An unexpected result of our work concerns the change over time of respiratory mechanics, blood gas analysis and VD_alv. For many years, our PP protocol has been to turn patients to PP for up to 15 to 18 hours per day for 3 days [15]. In the study by Mancebo et al. [30], which concluded that PP may reduce mortality in patients with severe ARDS, PP sessions lasted 20 hours/day. In a recent study, we demonstrated that PP sessions that lasted 18 hours/day were independently associated with survival [31]. In the present study, the maximum effect of PP for VD_alv, PaCO₂ and Pplat occurred six to nine hours after turning patients to PP. Later the effect seemed to be a decline. How this affects the effect of PP on patient prognosis remains to be elucidated.

The second objective of our study was to validate a recently proposed method to evaluate the VD_physiol/V_T ratio [14]. The method is based on CO₂ production calculated from the Harris-Benedict equation [19] and on the expired minute ventilation. Siddiki et al. [14] reported that it was associated with mortality in acute lung injury patients in a dose-response manner and proposed its routine use to estimate VD_physiol/V_T. However, they did not report any comparison with measured VD_physiol/V_T. In the present study, we have demonstrated that this method significantly underestimates VD_physiol/V_T, rendering it not accurate enough to assess the degree of lung injury. Interestingly, changes in estimated VD_physiol/V_T during PP appeared better correlated with changes in measured VD_physiol/V_T and could be proposed in the future in this field. Siddiki et al. [14] proposed the method in the context of a much larger series than ours and in patients with less severe ARDS, rendering it difficult to draw any definitive conclusions.
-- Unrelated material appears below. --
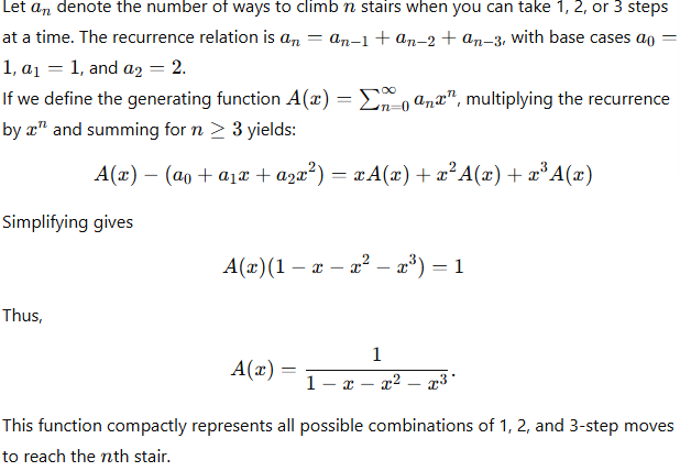 What is the generating function for the number of ways to climb n stairs taking 1, 2, or 3 steps at a time?

Our work is limited by the small number of patients included. This is a consequence of our routine protocol, which strictly restricts PP to patients with the most severe ARDS, that is, those with a PaO₂/FiO₂ ratio < 100 mmHg after 48 hours of ventilation. This also explains why it is not possible to link our results to outcomes. However, despite this limitation, we consider our results relevant from a physiological point of view.
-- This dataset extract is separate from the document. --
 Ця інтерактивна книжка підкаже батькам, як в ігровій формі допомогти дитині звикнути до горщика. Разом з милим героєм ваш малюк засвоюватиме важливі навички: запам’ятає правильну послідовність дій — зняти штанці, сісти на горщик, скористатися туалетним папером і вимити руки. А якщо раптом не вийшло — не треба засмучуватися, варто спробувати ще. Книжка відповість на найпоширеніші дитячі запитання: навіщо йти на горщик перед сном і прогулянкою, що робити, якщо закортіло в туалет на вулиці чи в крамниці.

In conclusion, our study demonstrates that PP induces a decrease in PaCO₂ and VD_alv. This is related to an improvement in respiratory mechanics, with a decrease in Pplat and an increase in compliance. Testing the response to PP appeared to be physiologically more relevant using PaCO₂ changes than PaO₂/FiO₂ changes. How this may affect management at the bedside remains to be studied. Estimated VD_physiol/V_T ratios systematically underestimated measured VD_physiol/V_T ratios.